C++ Encapsulation
The following two essential components are present in all C++ programmes:
- Functions are the parts of a programme that perform actions, and they are termed programme statements (code).
- Program data is the program's information that is influenced by the program's functions.
What do you mean by Encapsulation?
Data encapsulation is the act of combining data with the functions or procedures that operate on it to create a single unit that is shielded from outside intervention and misuse.
This is a crucial notion in object-oriented programming, and it leads to another OOP concept known as "data hiding." Abstraction exposes just the essential information or interfaces to the outside world, whereas encapsulation hides data and its members.
In a sense, abstraction shows the outer world a "abstract image" of the concealed facts. As a result, we've already established that encapsulation and abstraction are mutually exclusive.

Encapsulation is represented by a class in C++, which has data members and methods that operate on them, as well as access specifiers such as private, public, and protected.
We also know that class members are private by default. We are genuinely establishing encapsulation when we define class members as private and methods to access class members as public. At the same time, we provide the outside world with an abstract view of data in the form of public methods.

Encapsulation Implementation
Encapsulation is implemented in C++ as a class that encapsulates data and the methods that operate on it. Data is typically designated as private so that it cannot be accessed outside of the class. The public methods or functions are defined and may be accessed using the class's object.
However, we are unable to directly access private members, which is referred to as data masking. Data is secured and can only be accessed by functions of the class in which it is declared when this is done.
For example,
// Example program #include <iostream> #include <string> using namespace std; //example class to demonstrate encapsulation class sampleData{ int num; char ch; public: //getter methods to read data values int getInt() const{ return num; } char getCh() const{ return ch; } //setter methods to set data values void setInt(int num) { this->num = num; } void setCh(char ch){ this->ch = ch; } }; int main() { sampleData s; s.setInt(100); s.setCh('Z'); cout<<"num = "<<s.getInt()<<endl; cout<<"ch = "<<s.getCh(); return 0; }
Output
num = 100 ch = Z
We've created a class out of two member variables and the getter and setter methods in the previous example. This is an illustration of encapsulation.
We've defined two variables, num and ch, as private variables, making them inaccessible to the rest of the programme. They are only available to the public functions that we have disclosed. As a result, we have private variables in a class with concealed data members.
Creating a Strategy
Unless we have a specific need to reveal class members, most of us have learned to make them private by default. That is excellent encapsulation.
This is most commonly applied to data members, although it may be applied to any member, including virtual functions.

Encapsulation vs.
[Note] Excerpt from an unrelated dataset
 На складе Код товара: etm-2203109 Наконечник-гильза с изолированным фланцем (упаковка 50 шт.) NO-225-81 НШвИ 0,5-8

Abstraction: What's the Difference?
Abstraction and encapsulation are inextricably linked. Encapsulation supports abstraction by grouping together data and functions that operate on that data.
Encapsulation | Abstraction |
The data is hidden. | Implementation is hidden. |
Combines data and procedures in a single package. | Provides a user with an abstract interface that only shows them what they need to know. |
Helps with abstraction. | Assists with code reuse and security. |
Access specifiers define access to data members and methods and are implemented as a class. | Implemented as an abstract class with non-instantiable interfaces. |
Access specifiers' role in encapsulation
As we saw in the last example, access specifiers are crucial in the implementation of encapsulation in C++. The implementation of encapsulation may be broken down into two steps:
- Using the private access specifiers, the data members should be identified as private.
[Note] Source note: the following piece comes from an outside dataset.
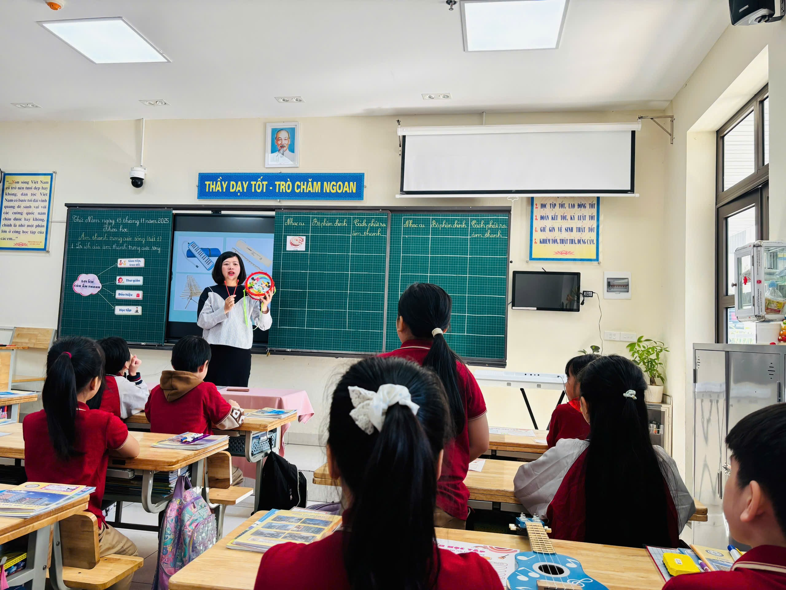 Âm thanh là một phần không thể thiếu trong cuộc sống hằng ngày – từ tiếng nói, tiếng nhạc cho đến những âm thanh báo hiệu quen thuộc quanh ta. Trong tiết học “Âm thanh trong cuộc sống” do cô giáo Nguyễn Vũ Phương Uyên – GVCN lớp 4B giảng dạy, các em học sinh đã được trải nghiệm một hành trình thú vị. Các em không chỉ được học kiến thức trong bài học Khoa học, mà còn được tìm hiểu về nhạc cụ và ứng dụng STEM làm nhạc cụ bằng những vật liệu đơn giản.

- The public access specifier should be used to designate the member function that manipulates the data members.
What is the purpose of encapsulation?
- Encapsulation in C++ allows us to group together relevant data and methods, making our code clearer and easier to read.
- It aids in the management of our data members' modifications.
Consider the case when we want a class's length field to be non-negative. We can now make the length variable private and use the logic within the setAge function (). As an example,
class Rectangle { private: int age; public: void setLength(int len) { if (len >= 0) length = len; } };
- The getter and setter methods provide our class members read-only or write-only access. As an example,
getLength() // provides read-only access setLength() // provides write-only access
- It aids in the decoupling of system components. We can, for example, divide code into numerous bundles.
Decoupled components (bundles) can be produced, tested, and debugged separately and simultaneously. And any modifications to one component have no bearing on the other components.
- Encapsulation can also be used to conceal data. If we alter the length and breadth variables in Example 1 to private or protected, access to these fields is limited.
They are also kept secret from the upper classes. This is known as data obfuscation.
Conclusion
One of the most significant properties of OOP is encapsulation, which allows us to conceal data. As a result, data is more secure and protected from unwanted usage.
Encapsulation supports abstraction by allowing us to offer only the appropriate interface to the end-user while hiding all other features.